North Carolina Middle School Association

Research Bulletin

Technology

David Strahan and Kim Hartman

Rationale: Technology provides varied instructional strategies and learning experiences. Learning tasks can be designed to be relevant, challenging, and interesting for each student.

Benefits of Technology

Selections from Research Reports

The computer is by far the most comprehensive way for teachers and students to maintain records of student work. Keeping detailed records of students' work helps them become more responsible for how they use their time and gives students a role in their own academic development (Stevenson, 1992).

One model found to be effective in integration of technology into the curriculum is "Make it Happen" (Zorfass, Remz, & Persky, 1991). The three-year change process of this model focuses on:

  1. Having teams of teachers design, implement, and evaluate a curriculum that uses computers to support inquiry-based learning.
  2. Helping young adolescents expand their critical thinking abilities, cooperative learning behaviors, and positive attitudes toward learning through engaging in a computer-based curriculum.
  3. Assisting principals and school-based management teams to create a supportive contact that facilitates computer integration across a school.

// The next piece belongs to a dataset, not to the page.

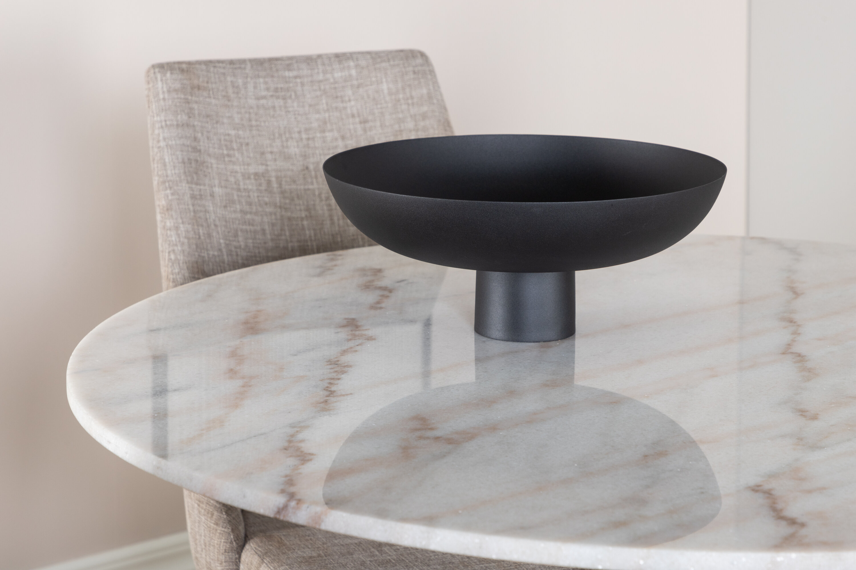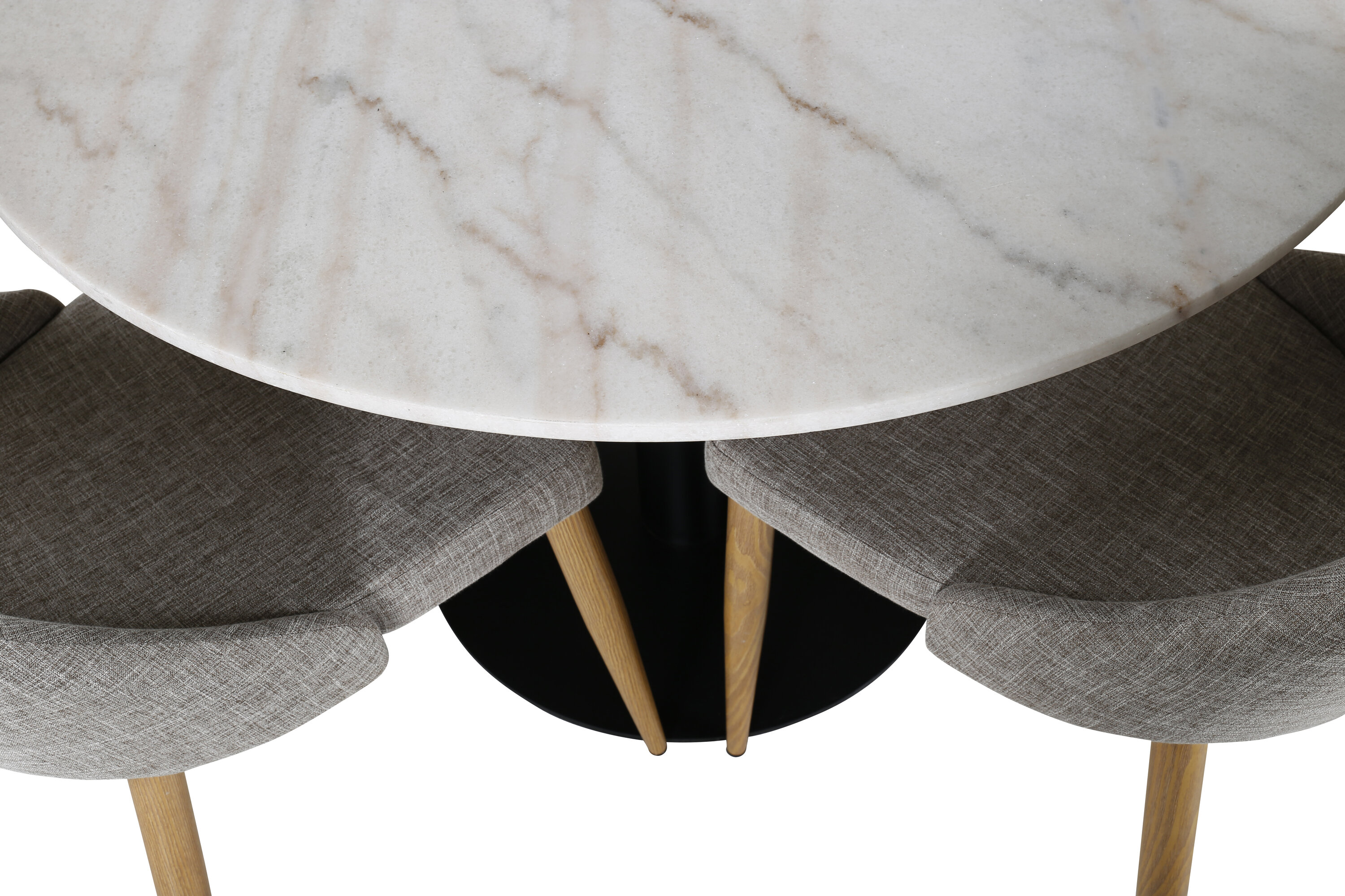 Moodsa ja stiilse disainiga toidugrupp. Meie ümmargune söögilaud Estelle on ühtaegu elegantne ja praktiline. Laual on valgest täpilisest marmorist läikiv lauaplaat ja mustast metallist silindriline alusvanker. See sobib ideaalselt Leone sarja toolidega. Toolidel on hästi läbimõeldud täielikult riietatud disain, mis on lihtne, tamme fooliumiga metallist luud ja pehme polsterdusega hallist polüesterkangast seljatugi/iste. Ära pea tegema kompromisse mugavuse ja pilkupüüdva vahel!

Of particular interest to North Carolina is Piedmont Open Middle School in Charlotte, where a Contemporary Technology Lab was established in 1990 in cooperation with Charlotte's business community. Students are able to use technologies currently available in the business community in the areas of robotics, engineering, research and design, hydraulics, and telecommunications (George & Alexander, 1993).

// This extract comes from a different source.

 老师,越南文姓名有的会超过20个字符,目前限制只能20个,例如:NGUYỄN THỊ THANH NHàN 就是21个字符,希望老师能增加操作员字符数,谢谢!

Means and Olsen (1994, pp. 17-18) found five features present in reformed classrooms, those where technology is used as a valuable tool:

  1. An authentic, challenging task is the starting point -- tasks are completed for reasons other than just earning a grade; students see that activity is worthwhile in its own right.
  2. All students practice advanced skills -- tasks involve basic and high level skills, with some requiring high level thinking.
  3. Work takes place in heterogeneous, collaborative groups.
  4. The teacher is a coach -- providing structure and actively supporting students' performances and reflections.
  5. Work occurs over extended blocks of time -- it does not fall neatly into 50-minute periods for a set number of days.

Selected References

Florida Schoolyear 2000 Project - Middle School Subcommittee (1994). Center for Educational Technology, Florida State University, Tallahassee, Florida.

George, P. & Alexander, W. (1993). The Exemplary Middle School, 2nd Edition. Orlando, FL: Harcourt Brace Jovanovich

Means, B. & Olsen, K. (1994). The link between technology and authentic learning. Educational Leadership, 51. (7) 15-18.

Stevenson, C. (1992). Teaching 10-14 Year Olds. White Plains, NY: Longman.

Zorafass, J., Remz, A., & Persky, S. (1991). A technology integration model for middle schools. T.H.E. Journal, 69-71.